Source material:
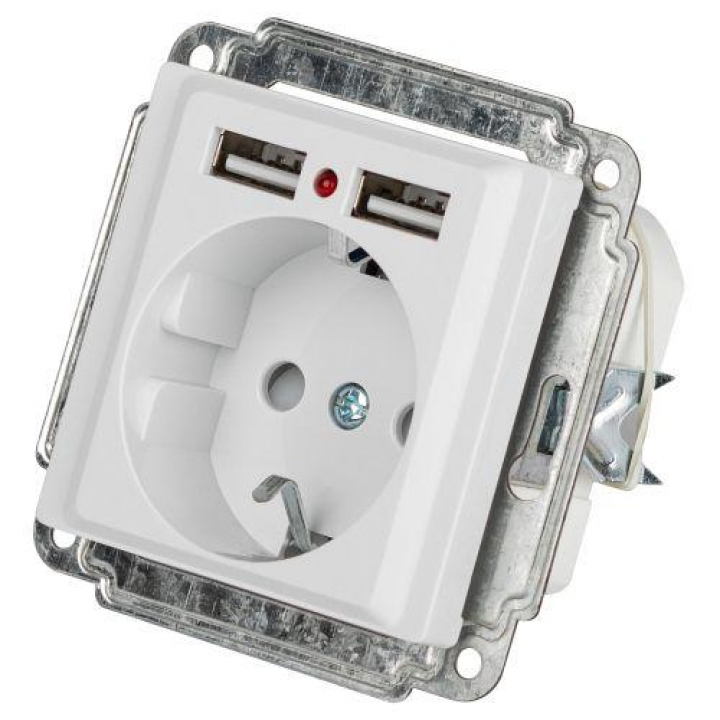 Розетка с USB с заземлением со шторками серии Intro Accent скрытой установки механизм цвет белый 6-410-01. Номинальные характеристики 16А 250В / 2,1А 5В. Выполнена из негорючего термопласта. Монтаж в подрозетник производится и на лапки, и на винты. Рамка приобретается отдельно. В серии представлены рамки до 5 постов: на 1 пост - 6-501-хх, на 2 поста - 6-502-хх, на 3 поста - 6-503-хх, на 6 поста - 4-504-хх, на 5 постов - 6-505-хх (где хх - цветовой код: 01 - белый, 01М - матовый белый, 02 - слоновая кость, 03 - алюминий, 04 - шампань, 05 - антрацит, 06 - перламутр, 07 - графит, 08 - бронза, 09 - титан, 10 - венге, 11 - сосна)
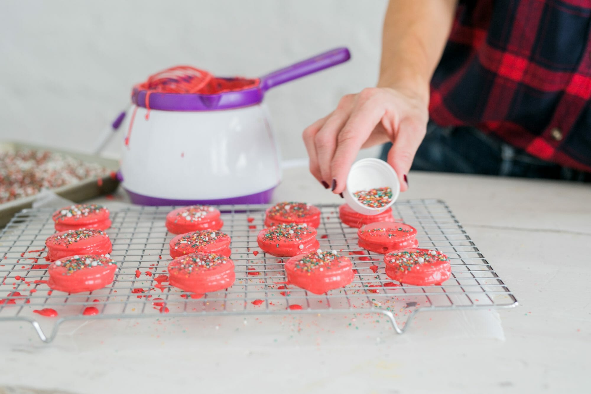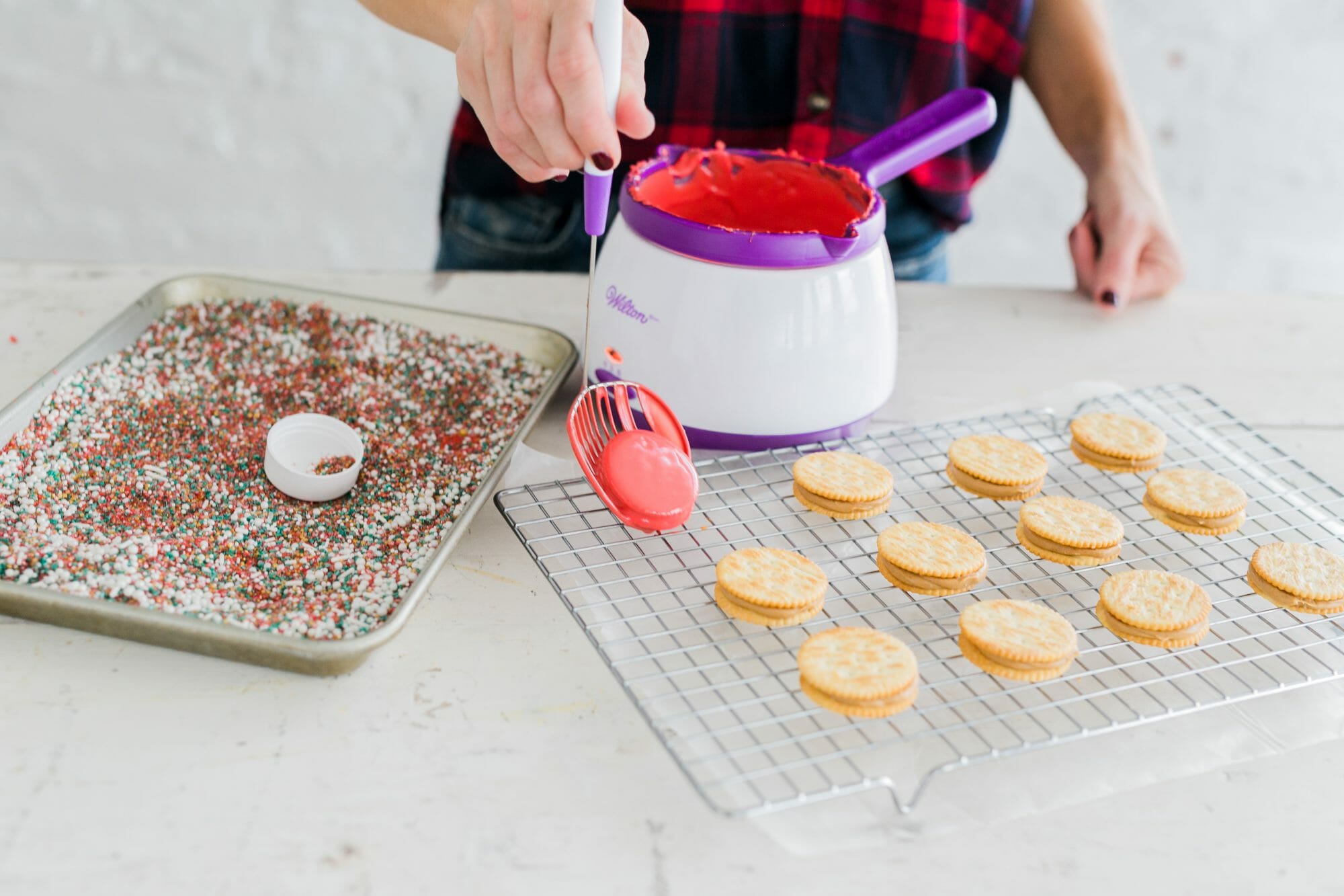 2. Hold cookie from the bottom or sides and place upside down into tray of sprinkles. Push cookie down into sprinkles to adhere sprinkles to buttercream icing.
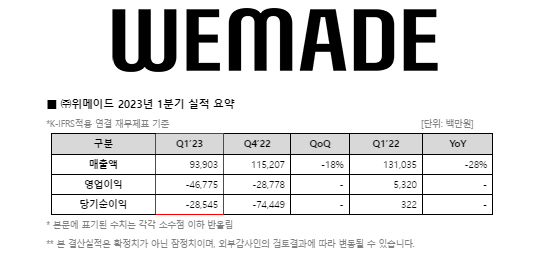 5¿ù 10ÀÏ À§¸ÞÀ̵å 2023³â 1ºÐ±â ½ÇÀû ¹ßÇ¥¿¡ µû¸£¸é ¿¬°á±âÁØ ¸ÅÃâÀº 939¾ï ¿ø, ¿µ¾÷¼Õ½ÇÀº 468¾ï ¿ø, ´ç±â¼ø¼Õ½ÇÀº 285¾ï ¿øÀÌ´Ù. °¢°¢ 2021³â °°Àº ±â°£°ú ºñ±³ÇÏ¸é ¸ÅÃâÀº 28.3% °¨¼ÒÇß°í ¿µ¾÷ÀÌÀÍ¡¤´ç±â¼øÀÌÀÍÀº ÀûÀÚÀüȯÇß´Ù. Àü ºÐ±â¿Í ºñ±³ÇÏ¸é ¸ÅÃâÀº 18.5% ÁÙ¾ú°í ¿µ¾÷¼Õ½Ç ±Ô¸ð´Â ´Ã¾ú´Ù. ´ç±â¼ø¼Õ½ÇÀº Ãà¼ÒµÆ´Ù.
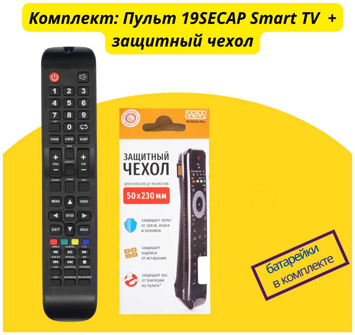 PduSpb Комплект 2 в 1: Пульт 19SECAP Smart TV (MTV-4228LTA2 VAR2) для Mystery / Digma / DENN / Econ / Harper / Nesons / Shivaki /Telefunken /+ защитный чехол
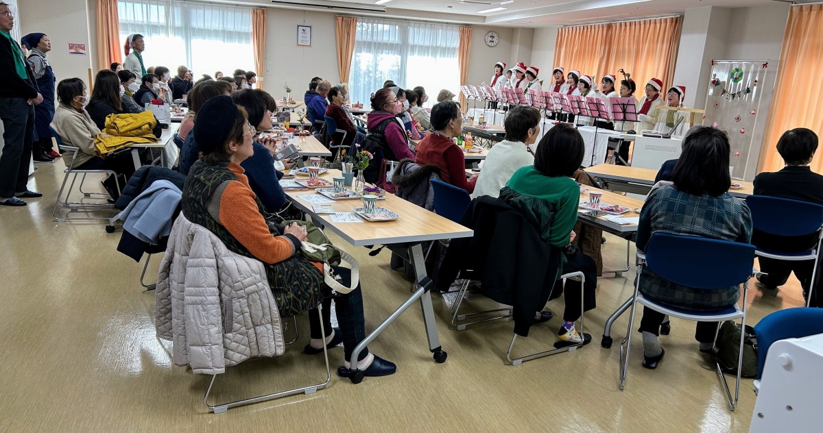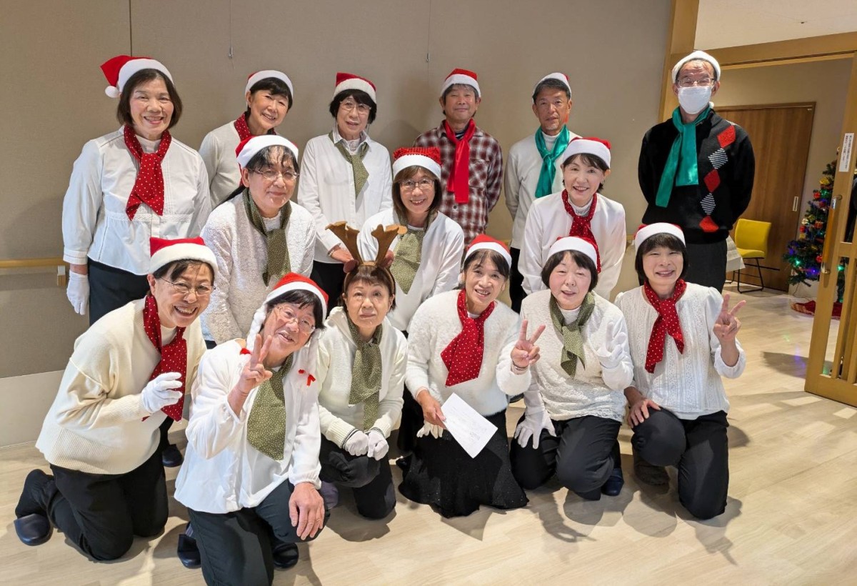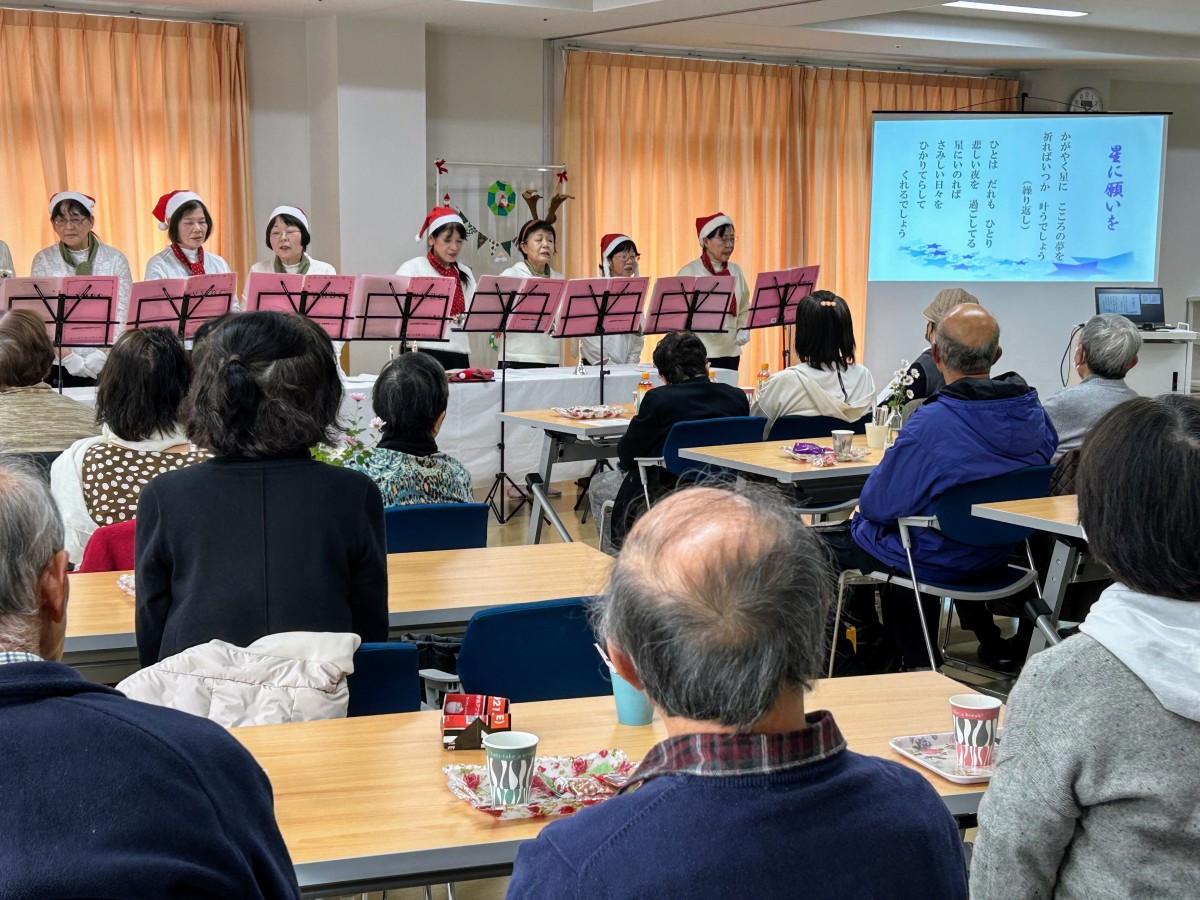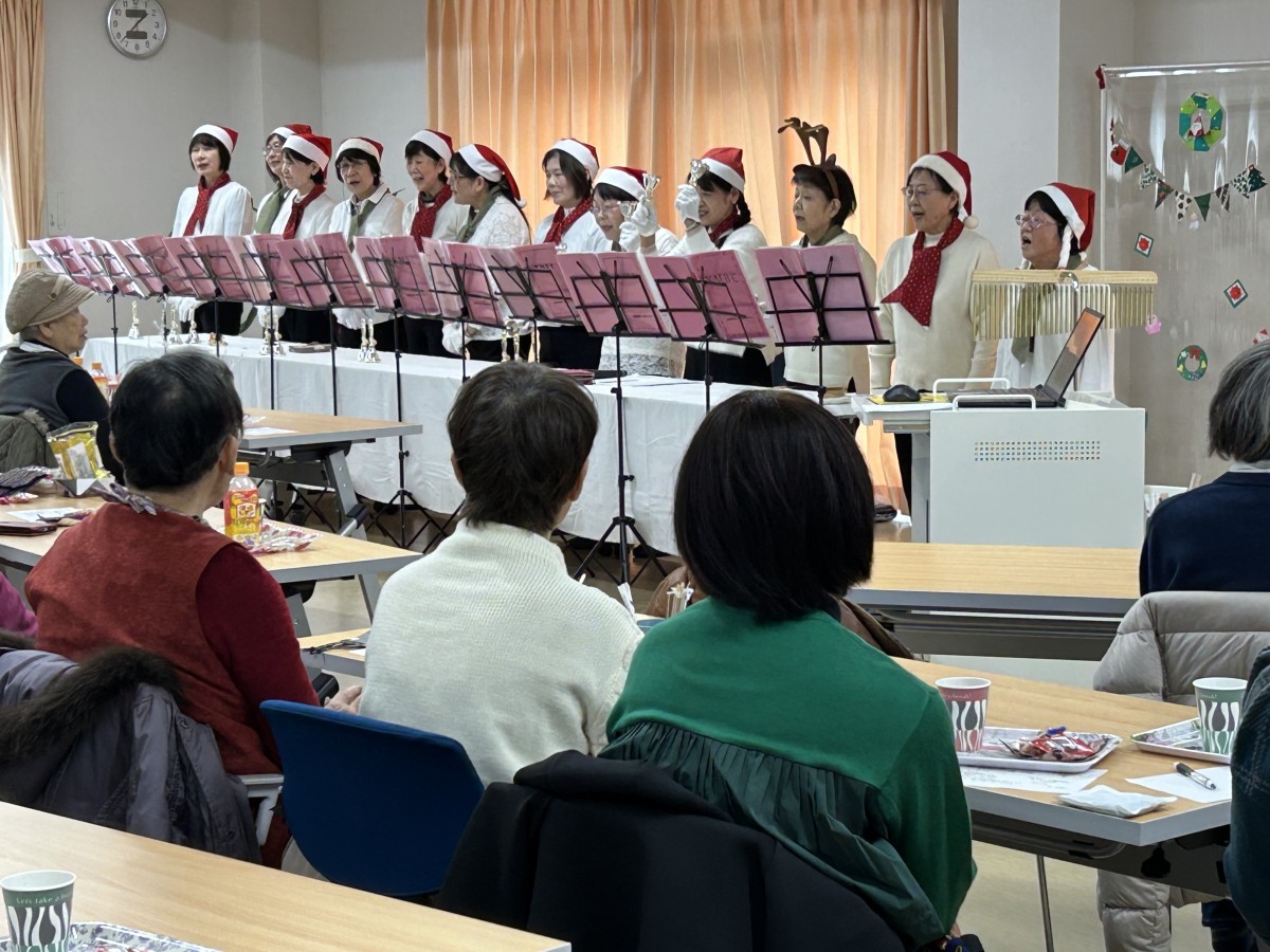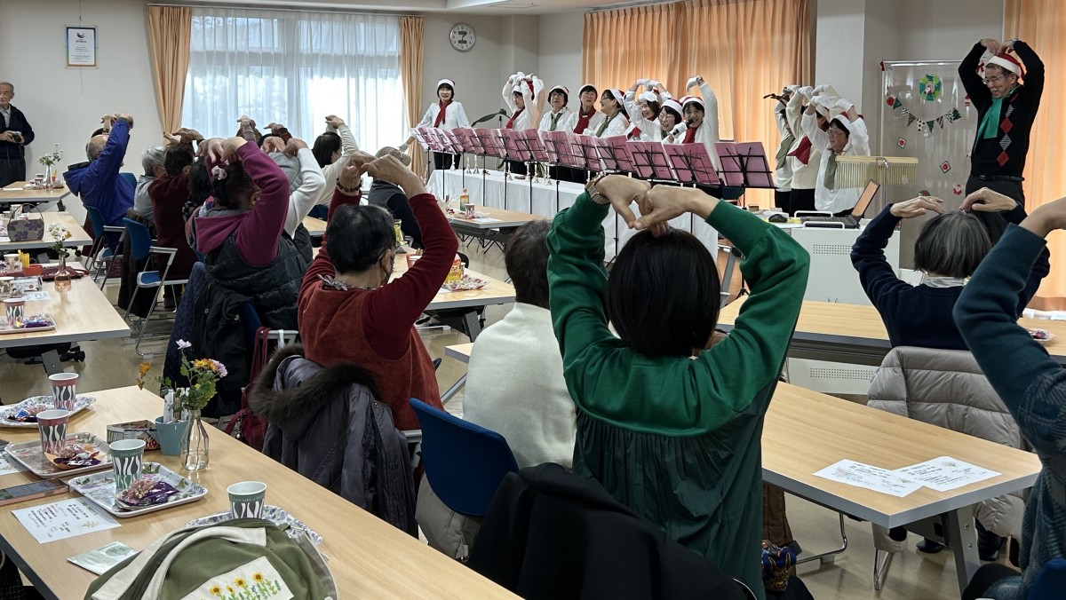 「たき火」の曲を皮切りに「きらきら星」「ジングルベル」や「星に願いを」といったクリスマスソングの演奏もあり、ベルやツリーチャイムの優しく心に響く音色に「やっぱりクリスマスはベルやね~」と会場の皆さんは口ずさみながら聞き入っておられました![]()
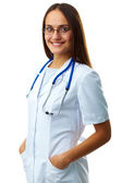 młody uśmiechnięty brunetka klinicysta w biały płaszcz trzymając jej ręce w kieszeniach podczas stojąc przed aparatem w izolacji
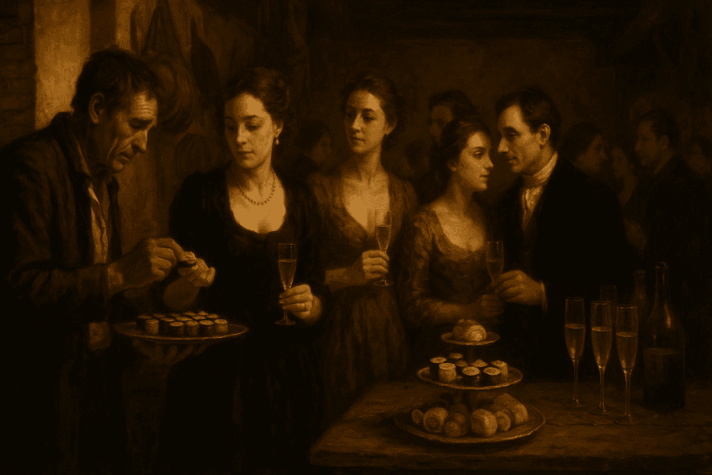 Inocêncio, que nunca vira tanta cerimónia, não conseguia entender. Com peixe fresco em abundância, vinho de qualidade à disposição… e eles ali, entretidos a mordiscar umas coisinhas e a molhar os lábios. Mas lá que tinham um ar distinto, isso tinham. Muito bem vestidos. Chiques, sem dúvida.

What you need to do: Every line of the records above should be copied exactly, while the pictures are left behind.

Written response:
 Розетка с USB с заземлением со шторками серии Intro Accent скрытой установки механизм цвет белый 6-410-01. Номинальные характеристики 16А 250В / 2,1А 5В. Выполнена из негорючего термопласта. Монтаж в подрозетник производится и на лапки, и на винты. Рамка приобретается отдельно. В серии представлены рамки до 5 постов: на 1 пост - 6-501-хх, на 2 поста - 6-502-хх, на 3 поста - 6-503-хх, на 6 поста - 4-504-хх, на 5 постов - 6-505-хх (где хх - цветовой код: 01 - белый, 01М - матовый белый, 02 - слоновая кость, 03 - алюминий, 04 - шампань, 05 - антрацит, 06 - перламутр, 07 - графит, 08 - бронза, 09 - титан, 10 - венге, 11 - сосна)
 2. Hold cookie from the bottom or sides and place upside down into tray of sprinkles. Push cookie down into sprinkles to adhere sprinkles to buttercream icing.
 5¿ù 10ÀÏ À§¸ÞÀ̵å 2023³â 1ºÐ±â ½ÇÀû ¹ßÇ¥¿¡ µû¸£¸é ¿¬°á±âÁØ ¸ÅÃâÀº 939¾ï ¿ø, ¿µ¾÷¼Õ½ÇÀº 468¾ï ¿ø, ´ç±â¼ø¼Õ½ÇÀº 285¾ï ¿øÀÌ´Ù. °¢°¢ 2021³â °°Àº ±â°£°ú ºñ±³ÇÏ¸é ¸ÅÃâÀº 28.3% °¨¼ÒÇß°í ¿µ¾÷ÀÌÀÍ¡¤´ç±â¼øÀÌÀÍÀº ÀûÀÚÀüȯÇß´Ù. Àü ºÐ±â¿Í ºñ±³ÇÏ¸é ¸ÅÃâÀº 18.5% ÁÙ¾ú°í ¿µ¾÷¼Õ½Ç ±Ô¸ð´Â ´Ã¾ú´Ù. ´ç±â¼ø¼Õ½ÇÀº Ãà¼ÒµÆ´Ù.
 PduSpb Комплект 2 в 1: Пульт 19SECAP Smart TV (MTV-4228LTA2 VAR2) для Mystery / Digma / DENN / Econ / Harper / Nesons / Shivaki /Telefunken /+ защитный чехол
 「たき火」の曲を皮切りに「きらきら星」「ジングルベル」や「星に願いを」といったクリスマスソングの演奏もあり、ベルやツリーチャイムの優しく心に響く音色に「やっぱりクリスマスはベルやね~」と会場の皆さんは口ずさみながら聞き入っておられました![]()
 młody uśmiechnięty brunetka klinicysta w biały płaszcz trzymając jej ręce w kieszeniach podczas stojąc przed aparatem w izolacji
 Inocêncio, que nunca vira tanta cerimónia, não conseguia entender. Com peixe fresco em abundância, vinho de qualidade à disposição… e eles ali, entretidos a mordiscar umas coisinhas e a molhar os lábios. Mas lá que tinham um ar distinto, isso tinham. Muito bem vestidos. Chiques, sem dúvida.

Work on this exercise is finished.